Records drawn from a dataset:
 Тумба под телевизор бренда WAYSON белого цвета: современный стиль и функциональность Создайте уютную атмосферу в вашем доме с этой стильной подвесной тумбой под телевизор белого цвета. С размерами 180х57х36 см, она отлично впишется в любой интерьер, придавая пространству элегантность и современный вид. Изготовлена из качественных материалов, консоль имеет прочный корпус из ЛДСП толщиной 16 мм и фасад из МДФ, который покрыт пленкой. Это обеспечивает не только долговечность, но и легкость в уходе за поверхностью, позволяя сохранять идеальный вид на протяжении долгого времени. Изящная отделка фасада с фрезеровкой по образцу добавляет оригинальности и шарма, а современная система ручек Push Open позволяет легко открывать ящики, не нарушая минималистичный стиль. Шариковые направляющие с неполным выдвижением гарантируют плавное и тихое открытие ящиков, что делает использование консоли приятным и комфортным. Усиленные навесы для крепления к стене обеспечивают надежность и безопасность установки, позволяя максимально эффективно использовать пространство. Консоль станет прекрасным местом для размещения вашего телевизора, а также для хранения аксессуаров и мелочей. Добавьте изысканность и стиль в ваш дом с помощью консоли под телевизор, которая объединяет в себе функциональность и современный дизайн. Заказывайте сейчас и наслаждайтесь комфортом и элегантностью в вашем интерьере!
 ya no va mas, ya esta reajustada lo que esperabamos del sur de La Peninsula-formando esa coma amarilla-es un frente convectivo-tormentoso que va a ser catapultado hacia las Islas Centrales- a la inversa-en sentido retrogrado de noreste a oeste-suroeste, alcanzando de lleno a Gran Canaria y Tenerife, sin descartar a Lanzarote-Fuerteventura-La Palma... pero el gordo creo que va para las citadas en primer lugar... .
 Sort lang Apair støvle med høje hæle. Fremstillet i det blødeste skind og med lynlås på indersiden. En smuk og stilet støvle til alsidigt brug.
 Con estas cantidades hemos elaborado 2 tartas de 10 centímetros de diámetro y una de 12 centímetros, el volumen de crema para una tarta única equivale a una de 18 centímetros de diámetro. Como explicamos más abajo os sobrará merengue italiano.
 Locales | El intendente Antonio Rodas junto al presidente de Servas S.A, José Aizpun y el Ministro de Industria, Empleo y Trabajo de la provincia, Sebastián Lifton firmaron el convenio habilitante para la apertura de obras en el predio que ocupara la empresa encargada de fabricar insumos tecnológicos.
...
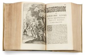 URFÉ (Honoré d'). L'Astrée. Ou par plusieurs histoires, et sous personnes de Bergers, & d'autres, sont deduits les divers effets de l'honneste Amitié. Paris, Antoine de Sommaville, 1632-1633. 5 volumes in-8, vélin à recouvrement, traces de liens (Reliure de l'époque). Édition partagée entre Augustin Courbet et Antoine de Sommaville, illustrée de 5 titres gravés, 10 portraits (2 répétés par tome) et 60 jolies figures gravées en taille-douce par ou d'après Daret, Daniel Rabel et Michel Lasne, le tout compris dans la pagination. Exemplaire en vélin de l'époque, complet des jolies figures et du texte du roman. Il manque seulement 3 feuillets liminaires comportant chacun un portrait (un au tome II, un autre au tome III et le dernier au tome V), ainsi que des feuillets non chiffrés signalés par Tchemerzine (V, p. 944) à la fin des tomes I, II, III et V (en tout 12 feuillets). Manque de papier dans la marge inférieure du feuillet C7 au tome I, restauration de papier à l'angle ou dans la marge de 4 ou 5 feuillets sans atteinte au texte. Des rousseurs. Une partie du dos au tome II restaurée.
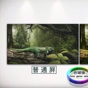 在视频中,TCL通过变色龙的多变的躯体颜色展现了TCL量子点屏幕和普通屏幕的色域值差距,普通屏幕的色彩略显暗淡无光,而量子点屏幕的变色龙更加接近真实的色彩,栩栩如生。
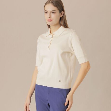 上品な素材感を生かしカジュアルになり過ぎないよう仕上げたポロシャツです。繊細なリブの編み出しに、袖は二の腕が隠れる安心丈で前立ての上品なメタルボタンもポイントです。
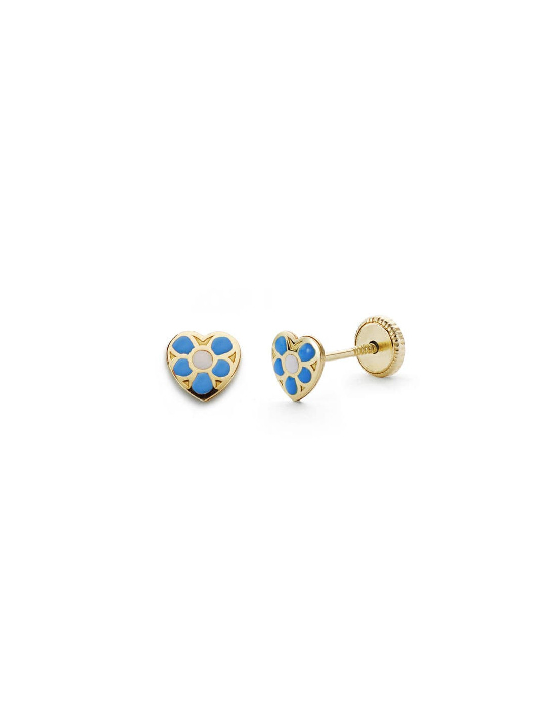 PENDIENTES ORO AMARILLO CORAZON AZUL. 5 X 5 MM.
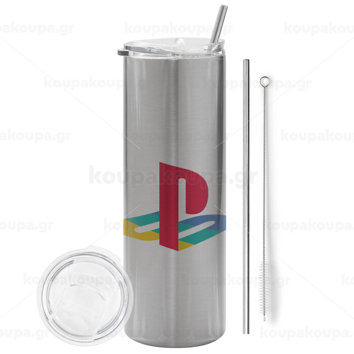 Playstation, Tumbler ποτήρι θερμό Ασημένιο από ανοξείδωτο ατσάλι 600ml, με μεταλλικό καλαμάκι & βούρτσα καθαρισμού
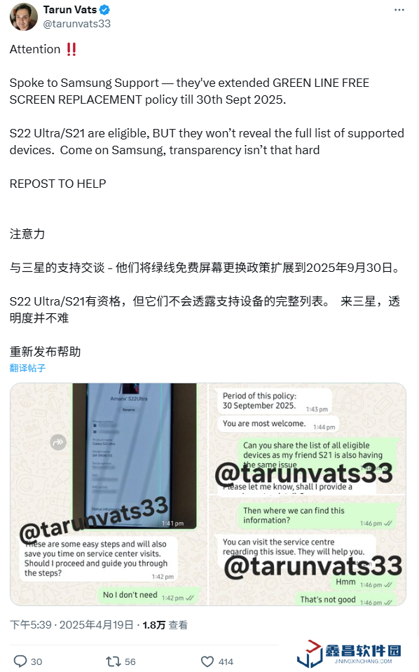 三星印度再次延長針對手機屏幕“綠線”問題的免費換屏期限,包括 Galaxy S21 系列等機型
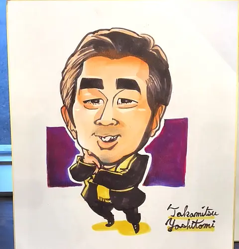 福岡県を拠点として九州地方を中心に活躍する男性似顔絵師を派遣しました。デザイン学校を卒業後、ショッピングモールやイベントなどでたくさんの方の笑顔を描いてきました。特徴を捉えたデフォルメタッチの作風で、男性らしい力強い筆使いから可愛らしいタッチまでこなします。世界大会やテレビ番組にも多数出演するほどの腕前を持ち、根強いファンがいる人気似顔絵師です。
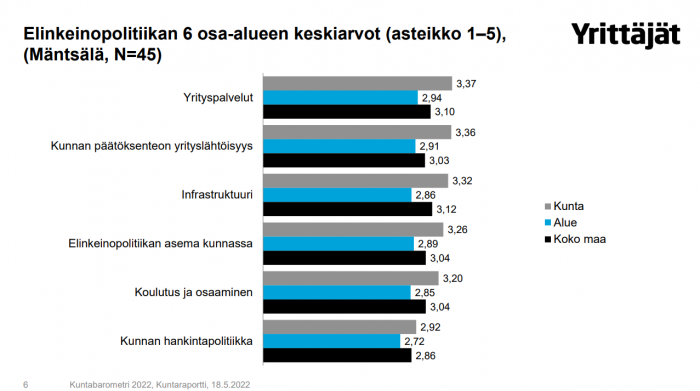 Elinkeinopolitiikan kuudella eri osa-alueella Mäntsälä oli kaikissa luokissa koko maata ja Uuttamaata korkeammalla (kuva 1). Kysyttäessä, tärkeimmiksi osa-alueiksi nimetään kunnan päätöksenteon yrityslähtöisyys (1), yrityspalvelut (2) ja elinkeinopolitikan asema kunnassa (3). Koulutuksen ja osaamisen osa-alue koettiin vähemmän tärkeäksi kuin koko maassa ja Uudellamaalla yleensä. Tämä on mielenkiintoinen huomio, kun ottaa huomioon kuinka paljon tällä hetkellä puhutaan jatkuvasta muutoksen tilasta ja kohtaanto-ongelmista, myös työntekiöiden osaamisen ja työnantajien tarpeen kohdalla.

■ The task ■
As listed above, the lines from the line with "ya no va mas, ya" to the line with "Locales | El" are to be echoed exactly, with both ends included and nothing added.

■ Response to this task ■
 ya no va mas, ya esta reajustada lo que esperabamos del sur de La Peninsula-formando esa coma amarilla-es un frente convectivo-tormentoso que va a ser catapultado hacia las Islas Centrales- a la inversa-en sentido retrogrado de noreste a oeste-suroeste, alcanzando de lleno a Gran Canaria y Tenerife, sin descartar a Lanzarote-Fuerteventura-La Palma... pero el gordo creo que va para las citadas en primer lugar... .
 Sort lang Apair støvle med høje hæle. Fremstillet i det blødeste skind og med lynlås på indersiden. En smuk og stilet støvle til alsidigt brug.
 Con estas cantidades hemos elaborado 2 tartas de 10 centímetros de diámetro y una de 12 centímetros, el volumen de crema para una tarta única equivale a una de 18 centímetros de diámetro. Como explicamos más abajo os sobrará merengue italiano.
 Locales | El intendente Antonio Rodas junto al presidente de Servas S.A, José Aizpun y el Ministro de Industria, Empleo y Trabajo de la provincia, Sebastián Lifton firmaron el convenio habilitante para la apertura de obras en el predio que ocupara la empresa encargada de fabricar insumos tecnológicos.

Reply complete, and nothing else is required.